Relative mouse coordinates and the XInputExtension

Well regarding the relative coordinates mouse problem, it seem like XInput is a viable (depends on what you consider viable) solution. If you add an InputDevice section in your XF86Config file identical to you core pointer section but with a different name (say “Extended Mouse”) and without the “CorePointer” option and add it to your “ServerLayout” section as well then you can access your mouse as an extended input device. Among others this gives you relative coordinates. I haven’t acually tried it but xinput detects and uses it so I’m pretty sure it works.
As the only alternative is the XWarpPointer trick you get cleaner (and potentially faster) code and there might also be other benefits (better resolution etc. for example Q3A does have a dga codepath for the mouse. There must be a reason for it and XInput and dga should be equivalent) but I’m not sure, if anyone is let me know.
I’m not sure whether it would be ok to force the user to change his X configuration just to play your game (esp. if this user doesn’t know much about hacking the XF86Config-4 file) so I’m not going to use this for now (although I plan to try it at least) but I’m posting this here in the hope that other people who are interested will use it (esp. in commercial games) so that it will become more standard.
Feel free to post any comments, ideas, etc.

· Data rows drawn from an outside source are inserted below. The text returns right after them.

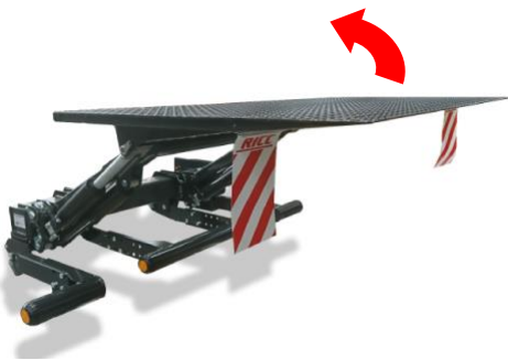
Knapp 2 + 1. Håll in knapp 2 och tryck samtidigt på knapp 1 för att vippa upp plattformen.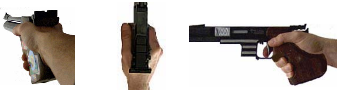
Daumen und Zeigefinger haben ca. gleiche Höhe und liegen parallel am Griff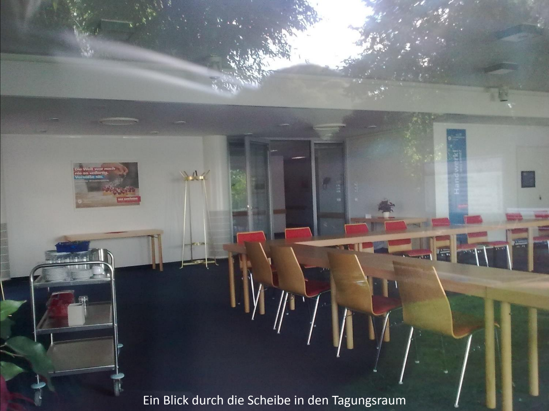
Ein Blick durch die Scheibe in den Tagungsraum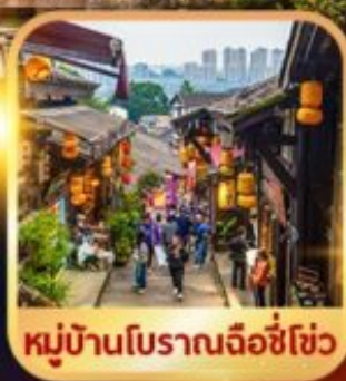
หมู่บ้านโบราณฉือชี่เซว่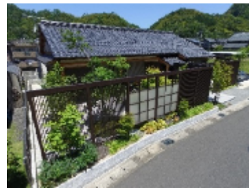
エクステリアコンテスト 2016 銀賞 舞鶴市K様邸

昨年の暮れにLIXIL様より嬉しいご報告をいただきました!! 全国最大級のエクステリアコンテストで銀賞(舞鶴市K様邸)。 又、全国の建築関連業者対象で行われますメンバーズ コンテスト2016の外装・エクステリア部門でディティール賞 (京丹後市T様邸)を戴きました。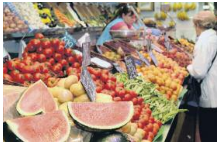
La campanya vol posar en valor els productes frescos.

El protagonista d'aquesta campanya és el migcampista del primer equip del FC Barcelona, Sergio Busquets.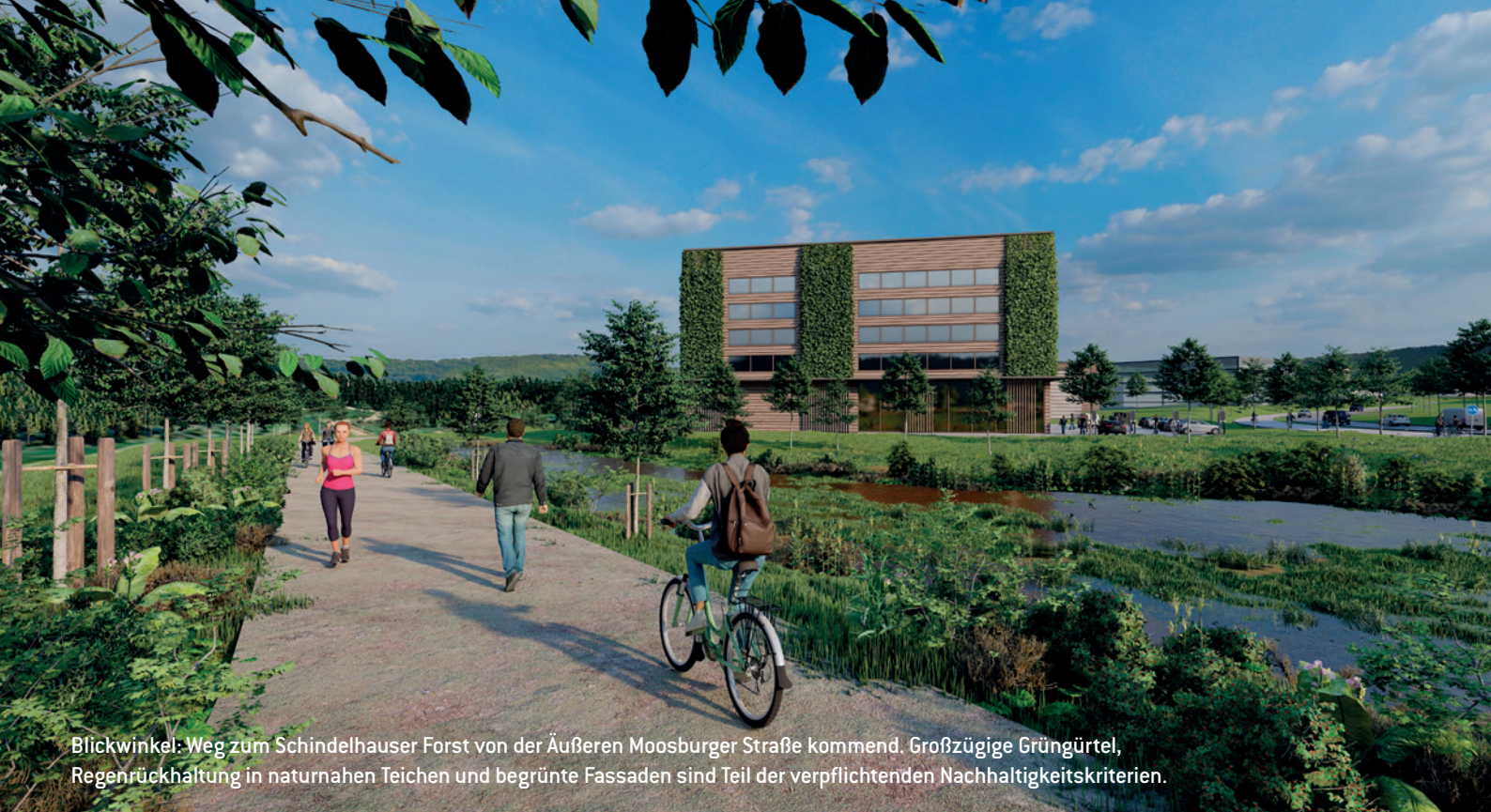
Blickwinkel: Weg zum Schindelhauser Forst von der Äußeren Moosburger Straße kommend. Großzügige Grüngürtel, Regenrückhaltung in naturnahen Teichen und begrünte Fassaden sind Teil der verpflichtenden Nachhaltigkeitskriterien.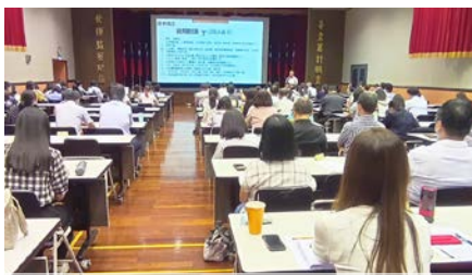
於審計部舉行宣導暨交流會議 112/09/01

監察院為增進審計人員對公職人員利益衝突迴避法之認知，俾利於稽察時如發現機關之補助、交易公告機制未健全，可適度提醒機關改善，爰於 9 月 1 日至 10 月 13 日期間，針對全國審計同仁，舉辦 5 場宣導暨交流會議。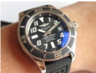
Breitling Superocean Ref.1736402/2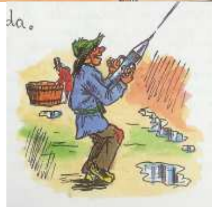
Il·lustració d'un xeringaire en plena actuació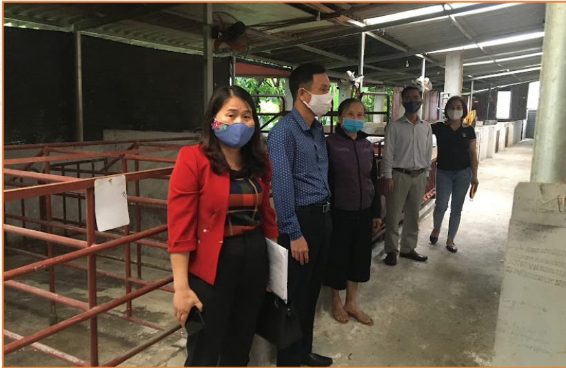
Phối hợp với Phòng Kinh tế thành phố kiểm tra, chỉ đạo công tác phòng chống dịch tả lợn châu Phi (2019)

8. Công tác triển khai thực hiện các chuỗi liên kết sản xuất nông nghiệp, gắn sản xuất với tiêu thụ sản phẩm: Là cơ quan chủ trì, tham mưu cho UBND thành phố Yên Bái tổ chức thực hiện Dự án “Phát triển sản xuất liên kết theo chuỗi giá trị gắn sản xuất với tiêu thụ sản phẩm rau an toàn thành phố Yên Bái” trên địa bàn 03 xã Tuy Lộc, Âu Lâu và Văn Phú.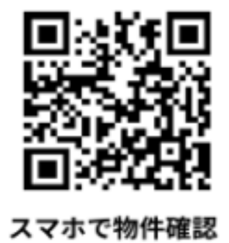
スマホで物件確認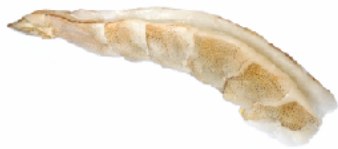
Completamente Pelado y Desvenado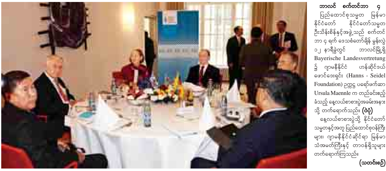
နိုင်ငံတော်သမ္မတ ဦးသိန်းစိန်နှင့် အဖွဲ့ အား ဟန်ဆိုင်ဒယ်ဟောင်ဒေးရှင်းဥက္ကဋ္ဌက နေ့လယ်စာစားပွဲဖြင့် တည်ခင်းစဉ်ခံ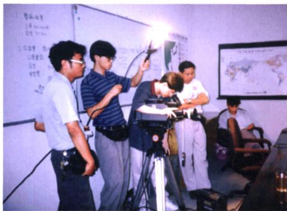
1994年8月17日，中央电视台采访大岭山镇嘉财电子厂。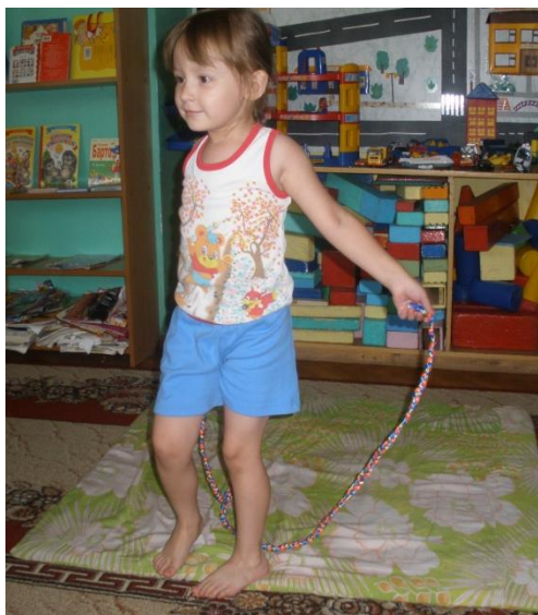
Плетеные цветные веревочки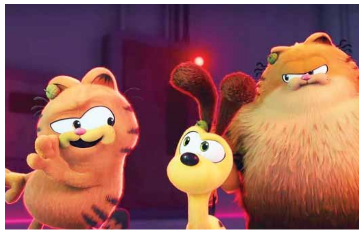
Na animação Garfield - Fora de Casa, o amado gato de estimação se junta ao seu pai Vic e o cãozinho Odie para um hilariante e arriscado assalto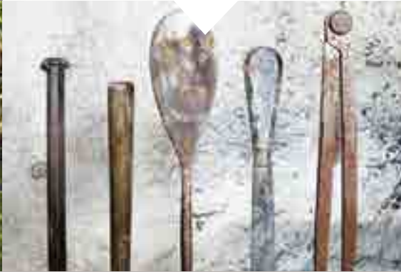
Exposition « Colonne »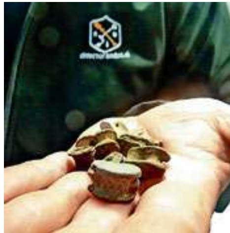
Metalen bikkels van het gelijknamige spel zijn deel van de bodemschatten.

munt. Iemand moet honderden jaren geleden met pijn in zijn buik naar huis zijn gegaan om te vertellen dat hij het muntstuk is verloren. Het gaat mij niet om het hebben. Het is de kick van het vinden en het verhaal erachter."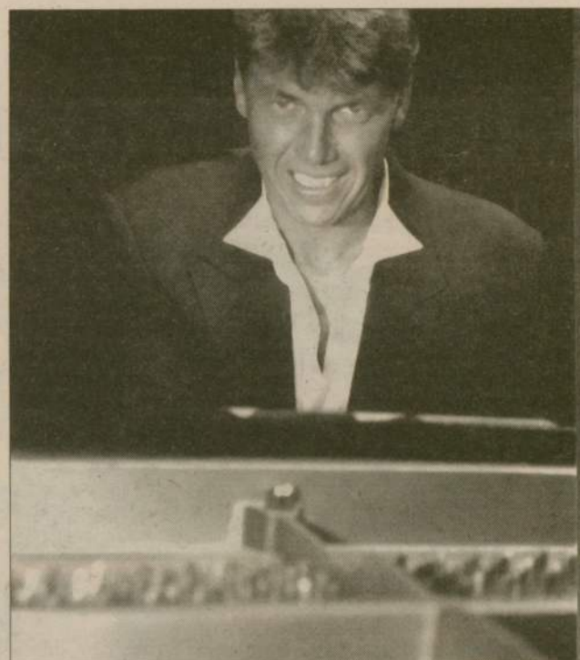
Jo Bohnsack jest jednym z najbardziej znanych niemieckich pianistów boogie-woogie.

Bilety w przedsprzedaży kosztują 15 zł, a w dniu koncertu - 18 zł. Można je kupić w Miejskim Domu Kultury w Człuchowie, ul. Traugutta 2, tel. (059) 83-411-32. 12 sierpień (sobota) - godz. 20 odbędzie się koncert galowy na dziedzińcu zamkowym (w razie niepogody w sali zamkowej) - wstęp płatny. 13 sierpień (niedziela) - godz. 16 - piknik boogie na dziedzińcu zamkowym - wstęp wolny.

you’re right, it would be good if the core input devices can also be manipulated through the XInput extension; their forced exclusion from XInput looks pretty pointless and artificial to me too. If they were available through XInput, that extension could serve analogical purpose under X as does the DirectInput under windows.

I think it’s too much for a game to ask for XF86Config modifications. So currently I don’t see this as a viable solution.

How about suggesting that idea in the XFree86 mailing lists? (I meant the idea for inclusion of the core input devices in the XInput)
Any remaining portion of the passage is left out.